• [What to produce]:
What you return must be the full data, repeated verbatim, with no pictures in it.

• [Dataset extract]:
= = = = = = =

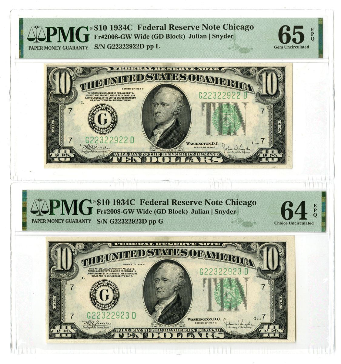 Chicago, Illinois, 1934. $10, Series of 1934C, Fr.# 2008GW Wide (GD Block) Sequential Issued Banknote Pair, Julian | Snyder Signatures, Small green seals at right, S/Ns G22322922D pp L and G22322923D pp G, Both are PMG graded - One is Gem Unc 64 EPQ and the other is Gem Unc 65 EPQ. (2).
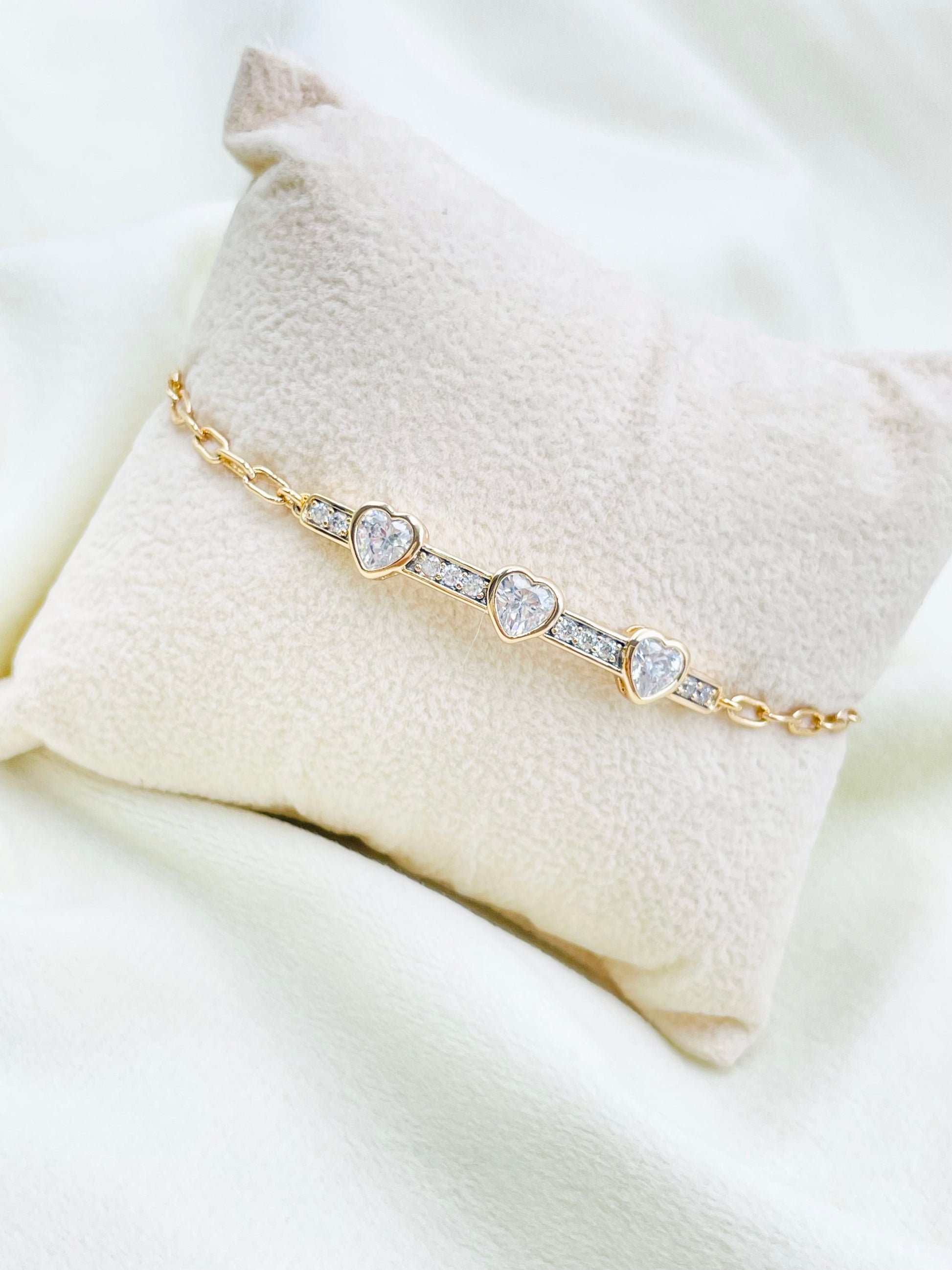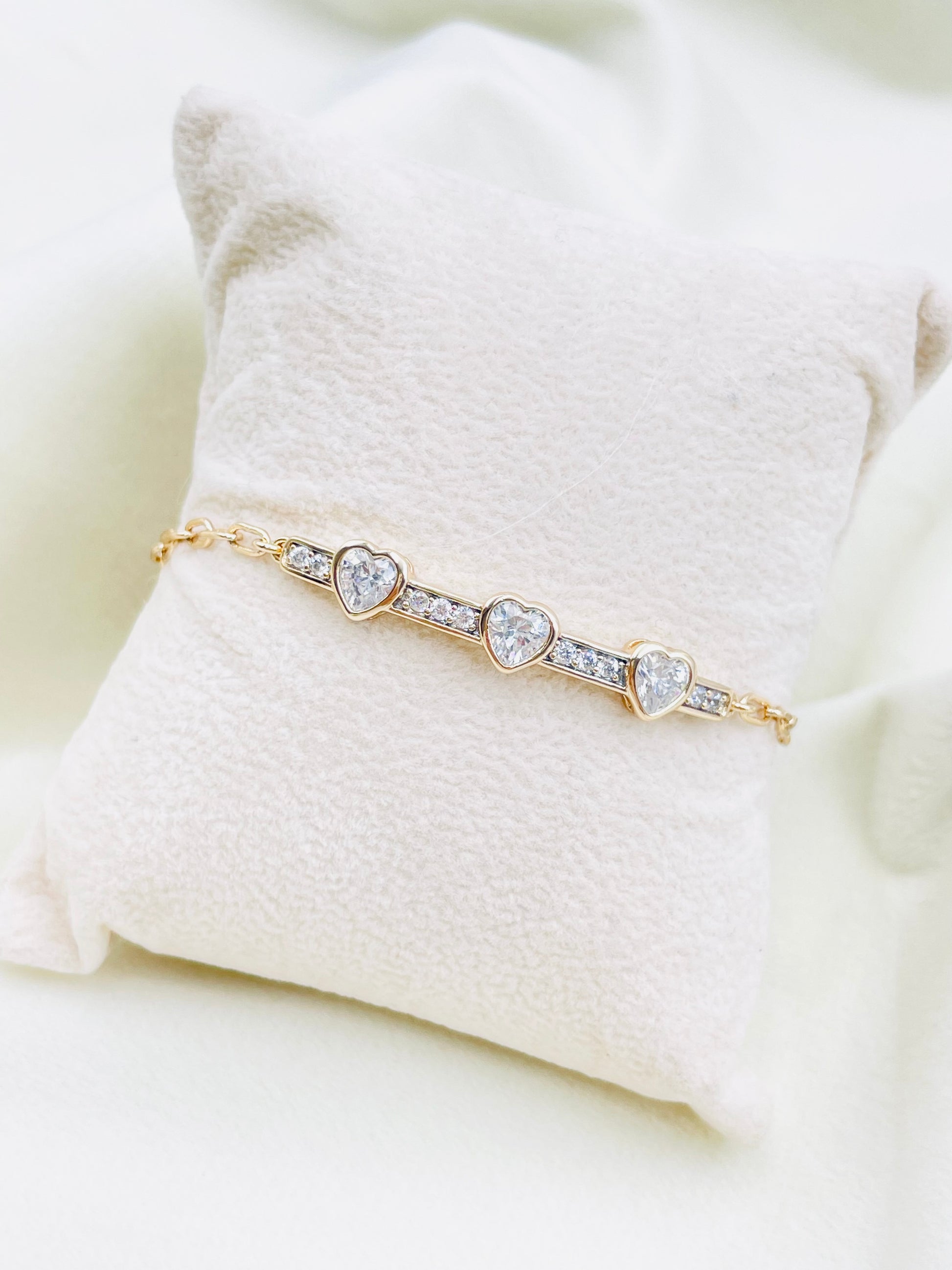 "Disfruta de un estilo elegante y femenino con la Esclava Xuping. Presenta una placa delgada con tres corazones de brillos, agregando un toque de romance a tu atuendo. Hecha con materiales de alta calidad que garantizan su durabilidad y brillo. Completa tu look con esta hermosa pieza."
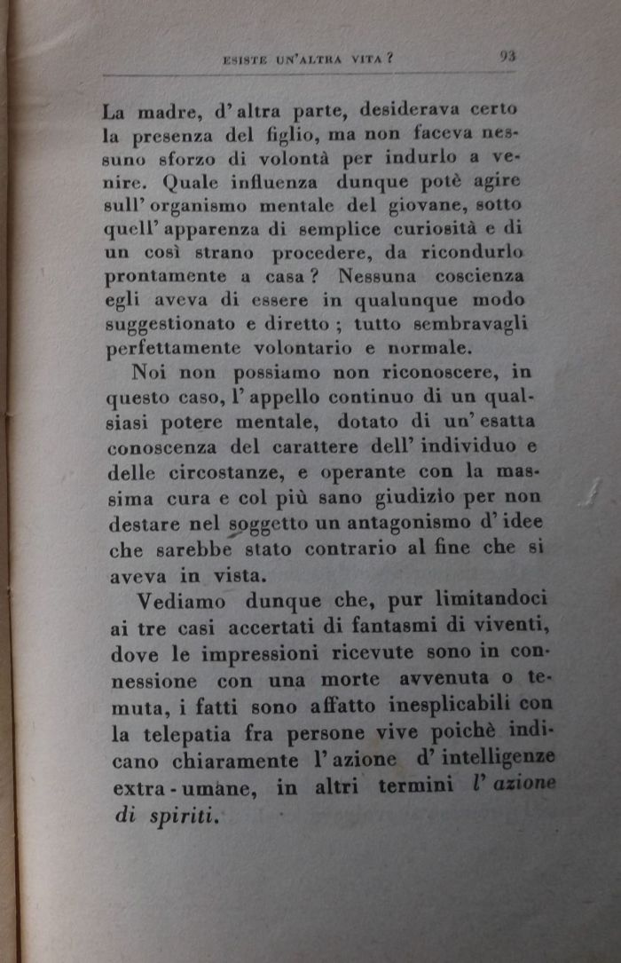 La madre, d'altra parte, desiderava certo la presenza del figlio, ma non faceva nessuno sforzo di volontà per indurlo a venire. Quale influenza dunque potè agire sull' organismo mentale del giovane, sotto quell' apparenza di semplice curiosità e di un così strano procedere, da ricondurlo prontamente a casa ? Nessuna coscienza egli aveva di essere in qualunque modo suggestionato e diretto ; tutto sembravagli perfettamente volontario e normale.

= = = = = = =

• [Written answer]:
 Chicago, Illinois, 1934. $10, Series of 1934C, Fr.# 2008GW Wide (GD Block) Sequential Issued Banknote Pair, Julian | Snyder Signatures, Small green seals at right, S/Ns G22322922D pp L and G22322923D pp G, Both are PMG graded - One is Gem Unc 64 EPQ and the other is Gem Unc 65 EPQ. (2).
 "Disfruta de un estilo elegante y femenino con la Esclava Xuping. Presenta una placa delgada con tres corazones de brillos, agregando un toque de romance a tu atuendo. Hecha con materiales de alta calidad que garantizan su durabilidad y brillo. Completa tu look con esta hermosa pieza."
 La madre, d'altra parte, desiderava certo la presenza del figlio, ma non faceva nessuno sforzo di volontà per indurlo a venire. Quale influenza dunque potè agire sull' organismo mentale del giovane, sotto quell' apparenza di semplice curiosità e di un così strano procedere, da ricondurlo prontamente a casa ? Nessuna coscienza egli aveva di essere in qualunque modo suggestionato e diretto ; tutto sembravagli perfettamente volontario e normale.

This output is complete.